Economic growth, which stood at more than 14 percent in 2012, fell to just under 4 percent in 2019, according to the World Bank. It is expected to shrink by 5 percent this year.
Afghanistan’s poverty rate has worsened noticeably, rising to 72 percent in 2020, up from 55 percent a year before. Meanwhile, unemployment has surged to nearly 40 percent in 2020, up from around 24 percent in 2019. Observers warn that the dire economic conditions in Afghanistan could be aggravated by reductions in foreign aid.
International development aid to Afghanistan dropped from a high of $6.7 billion in 2011 to $4.2 billion in 2019, according to the World Bank. In November, donors further cut aid, pledging some $3.3 billion in civilian assistance for 2021.
As Afghanistan’s largest foreign donor, the United States has pledged to continue funding the government and the country’s 300,000-strong national army and police force. But foreign assistance to vital aid programs has been shrinking, rights groups say.
“We have already seen that as troops have drawn down in Afghanistan there has been declining engagement by troop-contributing nations and that has often — not always but often –translated into, or at least correlated with, reductions in aid as well,” says Heather Barr, the interim co-director of the Women’s Rights Division at Human Rights Watch (HRW).

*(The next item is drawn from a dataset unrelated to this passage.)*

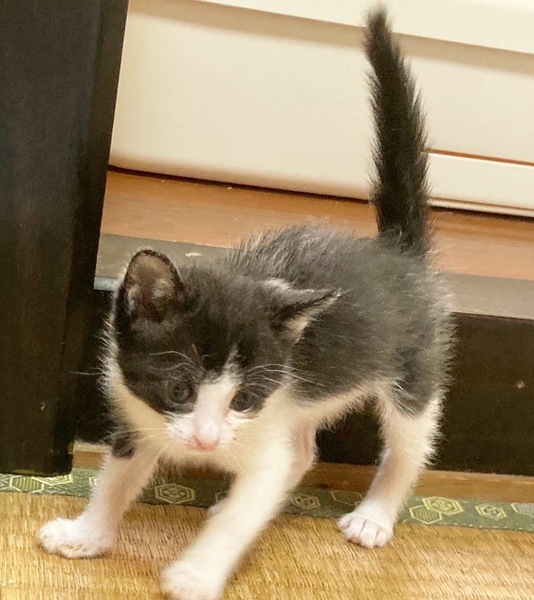 | 里親募集する理由 | まだ臍の緒がついたままの状態で紙袋に入っていたそうです。公園を犬のお散歩していた方がたまたま見つけて、ボランティアさんに情報が入ったため、早めに保護できました。4兄妹で保護されましたが、残念ながら1頭は二日後に虹の橋を渡ってしまいました。ママ猫さんの初乳も飲んでいなかったみたいで、風邪を繰り返していましたが、なんとか成長し、命の危険がなくなってきました。保護猫さんに理解のある方が多い東京近郊で募集をします。現在は連携しているボランティアさん宅(福岡県北九州市)で保護療養しております。ドライフードが食べられるようになったらこちらに来る予定です。面会は東京都港区になります。 | ||

As an example, Barr cites women’s access to health care, a sector that has seen significant progress since 2001. But she says declining funds have directly affected women’s access to and quality of care. Rights groups say Afghanistan needs more aid, not less, following the international military withdrawal. Many Afghans fear the pullout will escalate military hostilities, undermining human rights gains and exacerbating the country’s humanitarian crisis.
Some 14 million Afghans face food insecurity and malnutrition, according to the UN. Tens of thousands of people have been displaced in the past year. Meanwhile, a record number of undocumented Afghan migrants — nearly 870,000 — returned mainly from Iran in 2020.